Logo

2. Hukuk Dairesi2023/6273 E. 2024/5692 K.

Yapay Zeka Özeti

Uyuşmazlık: Taraflar arasındaki boşanma davasında, boşanmaya sebep olan olaylardaki kusur durumu, velayet, nafaka ve tazminat miktarlarının belirlenmesi uyuşmazlığı.

Gerekçe ve Sonuç: Bölge Adliye Mahkemesi kararında usule ve esasa ilişkin herhangi bir aykırılık bulunmadığı, kanunun olaya uygulanmasında ve gerekçede hata edilmediği gözetilerek temyiz isteminin reddine ve Bölge Adliye Mahkemesi kararının onanmasına karar verilmiştir.

Karar Metni

"İçtihat Metni"

MAHKEMESİ: Antalya Bölge Adliye Mahkemesi 2. Hukuk Dairesi

SAYISI : 2022/763 E., 2023/1625 K.

KARAR : Başvurunun kısmen kabulü ile yeniden esas hakkında hüküm kurma

İLK DERECE MAHKEMESİ: Denizli 4. Aile Mahkemesi

SAYISI : 2020/167 E., 2022/25 K.

Taraflar arasındaki boşanma davasından dolayı yapılan yargılama sonunda İlk Derece Mahkemesince davacı-davalı kadın vekili tarafından açılan davanın kabulüne,davalı-davacı erkek vekili tarafından açılan davanın reddine karar verilmiştir.
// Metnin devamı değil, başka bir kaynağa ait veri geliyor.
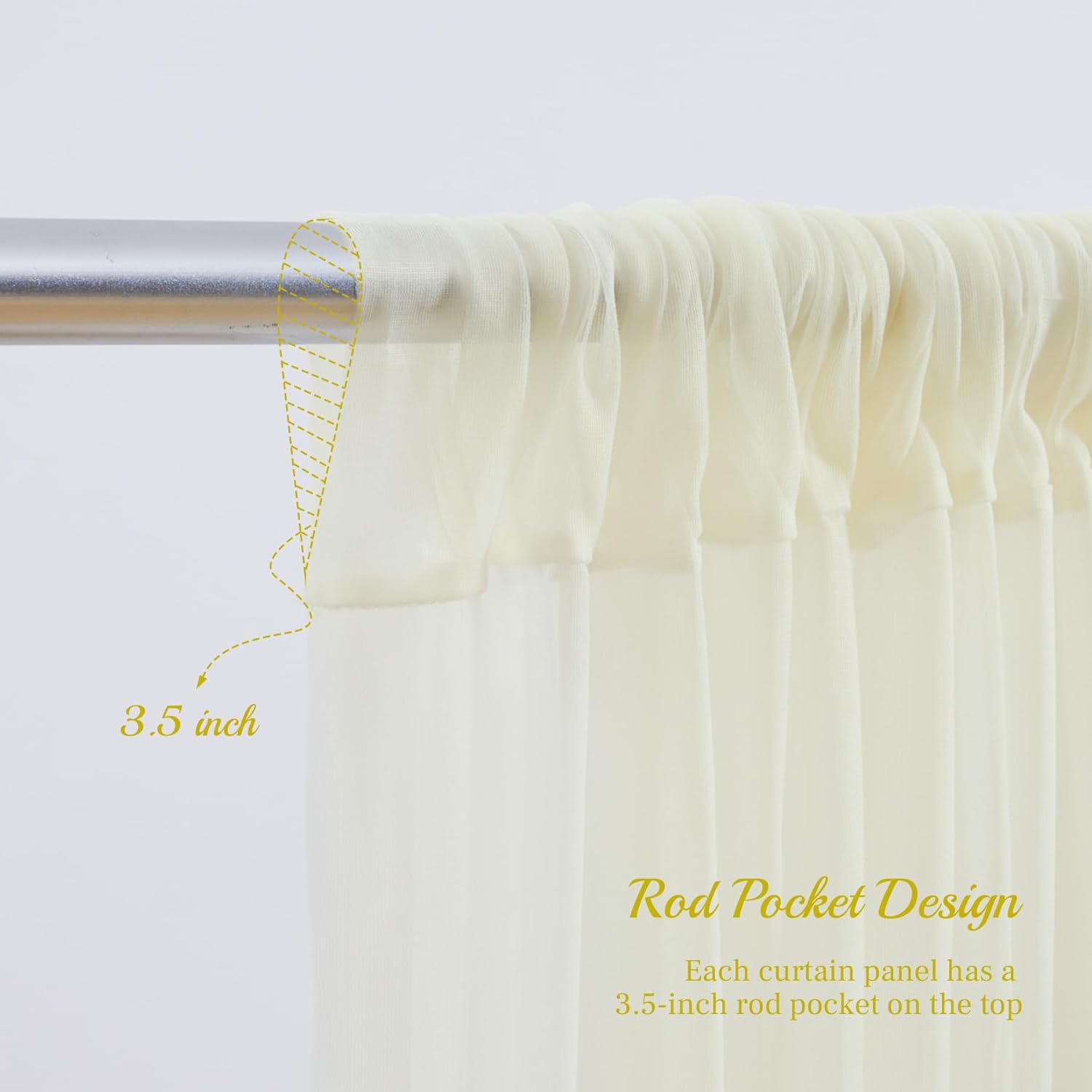- 【Easy Care Sheer Backdrop Drapes】Our ivory sheer backdrop curtain is easy to clean. You can wipe the surface with a damp cloth. It's best to hand wash with warm water or machine wash in gentle cycle with laundry bag,no bleach,lay flat or hang to dry.Can be used over and over again.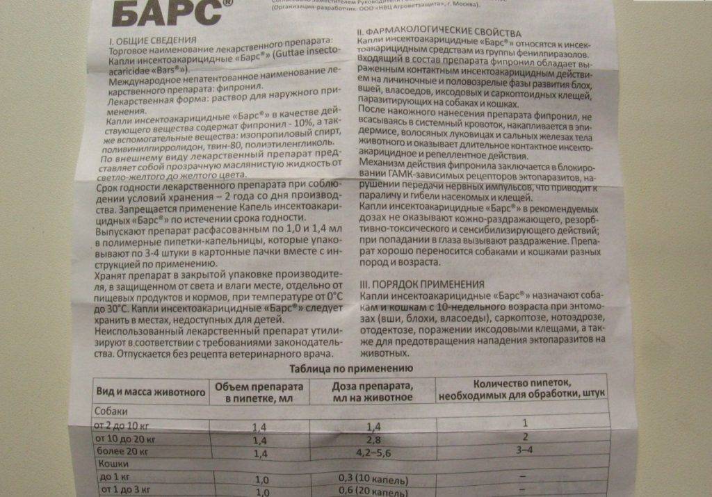 Барс форте для кошек: инструкция по применению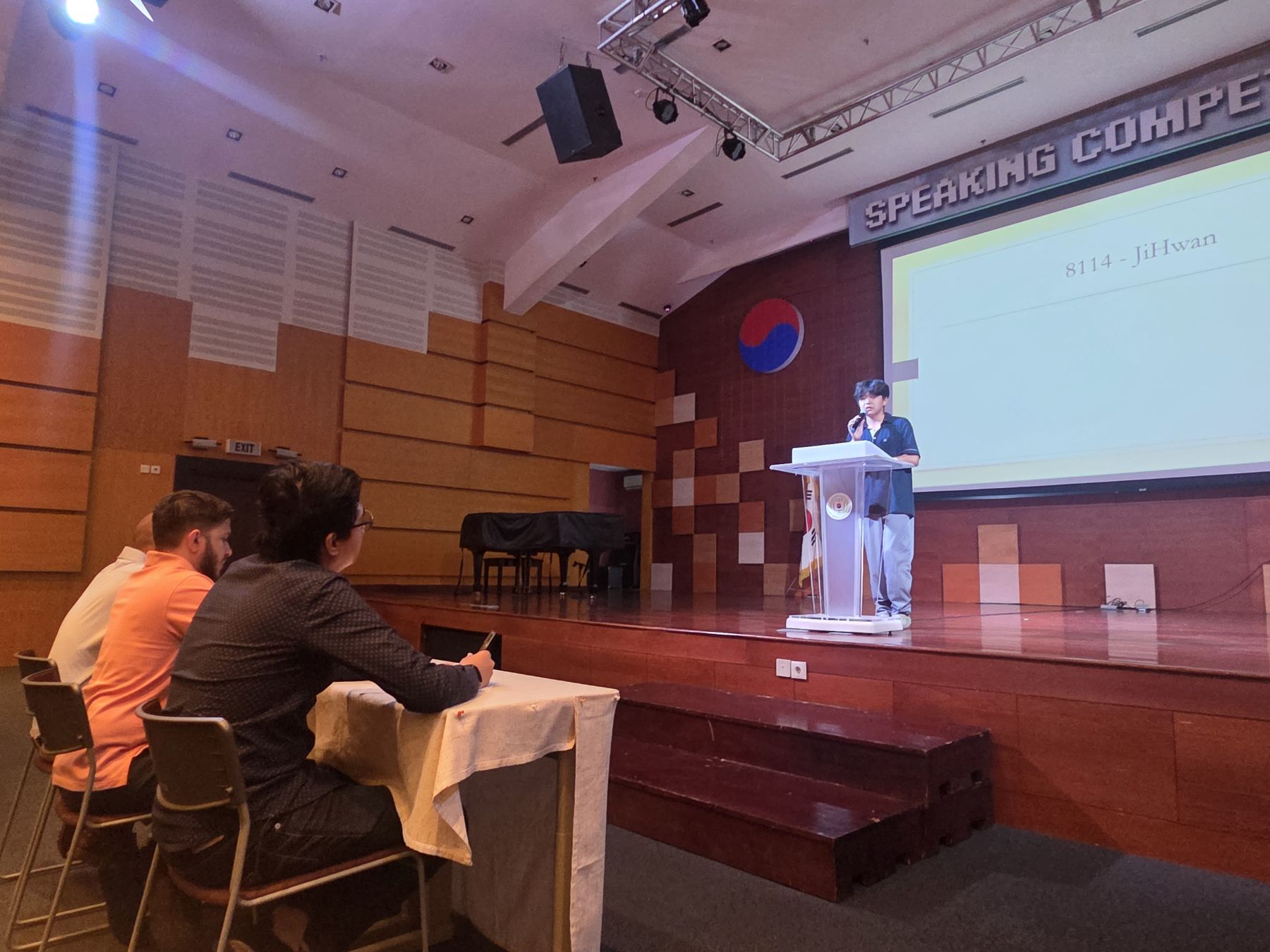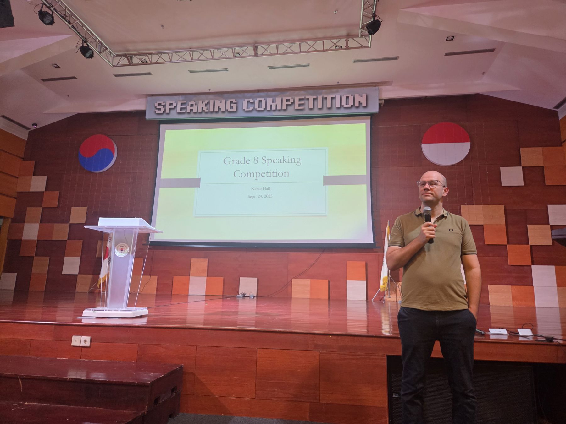 In 2025, during the Middle School Speaking Competition, we enjoyed many impressive speeches. Grade 7 students spoke on the theme, “If you could change one thing about school to make it better for students, what would it be and why?” Grade 8 participants tackled the question, “If you could spend one day in the future or past, which day would it be and why?” while Grade 9 explored, “How can we ethically use AI to improve efficiency?” The preliminary round took place online, where students submitted video speeches. From there, the top entries were carefully selected to perform live in Narae Hall, where they once again delivered outstanding presentations. Every participant stood out, showing both creativity and thoughtful perspectives.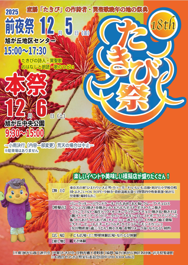🔥🍂🍠 18th たきび祭 🍠🍂🔥 2025年12月12日(金) 🔥🍂🍠 18th たきび祭 🍠🍂🔥 プロタイムズ日野店 株式会社ペイントワークス 弊社のブログをご覧いただき、ありがとうございます_(._.)_💕 12月5日(前夜祭) 12月6日(本祭) 2日間、旭・・・

Kararın davalı-davacı erkek vekilince istinaf edilmesi üzerine, Bölge Adliye Mahkemesince Bölge Adliye Mahkemesince başvurunun kısmen kabulü ile İlk Derece Mahkemesi hükmü kaldırılarak yeniden esas hakkında hüküm kurulmasına karar verilmiştir.

Bölge Adliye Mahkemesi kararı davalı-davacı erkek vekilince temyiz edilmekle;kesinlik, süre, temyiz şartı ve diğer usul eksiklikleri yönünden yapılan ön inceleme sonucunda, temyiz dilekçesinin kabulüne karar verildikten ve Tetkik Hâkimi tarafından hazırlanan rapor dinlendikten sonra dosyadaki belgeler incelenip gereği düşünüldü:

I. DAVA

1-Davacı - davalı kadın vekili dava dilekçesinde özetle; davalının müvekkilinin boğazını sıktığını ve darp ettiğini, Denizli 3. Asliye Ceza Mahkemesi 2017/1242 Esas-2018/871 Karar sayılı dosyası ile basit yaralama ve tehdit suçundan yargılanarak ceza aldığını, davalının müvekkiline ve kızlarına karşı baskı kurmaya çalıştığını, davalı yemek zamanlarında müvekkilinin kızlarına "öküz gibi yemeyin, kırıp dökmeyin, camış gibi oldunuz" şeklinde ifadelerle rencide ettiğini, davalının sorumluluk sahibi olmadığı gibi ev işlerinde müvekkiline yardım etmediğini, eviyle ve çocuklarıyla hiç ilgilenmediğini, evin kirası da dahil olmak üzere su, aidat, mutfak masrafları ve çocukların giderlerini müvekkilinin kendisinin karşıladığını, davalının farklı kadınlarla müvekkilini aldattığını, müvekkilini kısıtladığını, hakaret ettiğini, psikolojik ve fiziksel şiddet uyguladığını belirterek 4721 sayılı Türk Medeni Kanunu’nun (4721 sayılı Kanun) 166 ncı maddesinin birinci fıkrası uyarınca tarafların boşanmalarına ortak çocuk ...'ın velâyetinin müvekkiline verilmesine, Denizli 4. Aile Mahkemesinin 2019/675 Esas sayılı dosyası ile ortak çocuk ... lehine açılan nafaka dosyasının işbu dava ile birleştirilerek dava süresince tedbir dava sonuçlandıktan sonra iştirak nafakası olarak devam etmek üzere aylık 1.200,00 TL nafaka ile 100.000,00 TL maddî ve 100.000,00 TL manevî tazminata hükmedilmesine, yargılama giderleri ve vekâlet ücretinin davalıya yükletilmesine karar verilmesini talep ve dava etmiştir.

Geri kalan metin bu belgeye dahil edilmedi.